Data for this exercise »
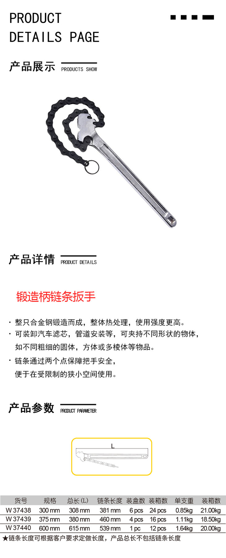 威达锻造柄链条扳手
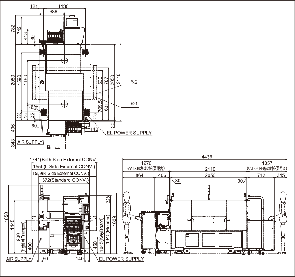※2:1~4轨间的传送带距离为630mm规格。
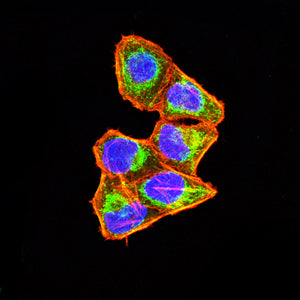 Immunofluorescence analysis of Hela cells using SOCS3 mouse mAb (green). Blue: DRAQ5 fluorescent DNA dye. Red: Actin filaments have been labeled with Alexa Fluor- 555 phalloidin. Secondary antibody from Fisher (Cat#: 35503)
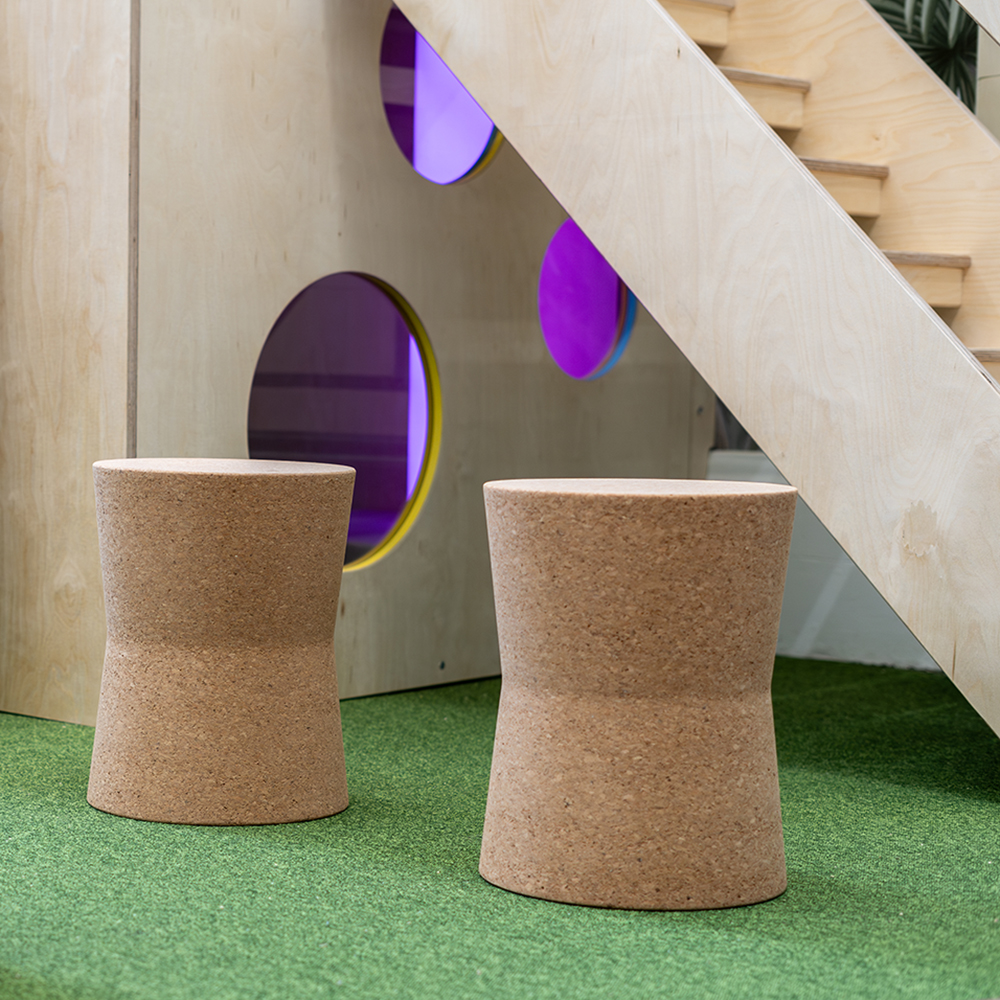 Le liège est naturel, résistant, facile à nettoyer, insonorisant et ignifuge, ce qui en fait un matériau idéal pour les espaces publics et en particulier dans les environnements destinés aux enfants.
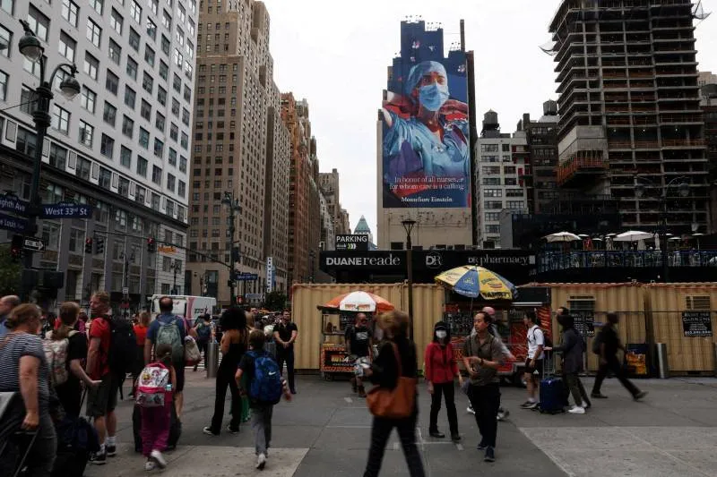 أشخاص يسيرون على زاوية الشارع 34 والشارع الثامن خارج محطة بنسلفانيا في مدينة نيويورك (رويترز)
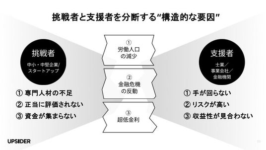 この断絶の背景には、労働人口の減少、長く続いた低金利、金融危機による反動といったマクロ環境の要因があります。挑戦者側では経理人材不足や月次決算の遅れ、財務情報の不足による信用証明の困難さが課題となっている一方、支援者側でも人手不足やリスクの高さ、収益性の課題が支援を阻害しています。

Problem » Reproduce exactly, and only, the part of the entries above that runs from the line with "Le liège est" to the last line, both included. Pictures stay out.

Exercise response »
 Le liège est naturel, résistant, facile à nettoyer, insonorisant et ignifuge, ce qui en fait un matériau idéal pour les espaces publics et en particulier dans les environnements destinés aux enfants.
 أشخاص يسيرون على زاوية الشارع 34 والشارع الثامن خارج محطة بنسلفانيا في مدينة نيويورك (رويترز)
 この断絶の背景には、労働人口の減少、長く続いた低金利、金融危機による反動といったマクロ環境の要因があります。挑戦者側では経理人材不足や月次決算の遅れ、財務情報の不足による信用証明の困難さが課題となっている一方、支援者側でも人手不足やリスクの高さ、収益性の課題が支援を阻害しています。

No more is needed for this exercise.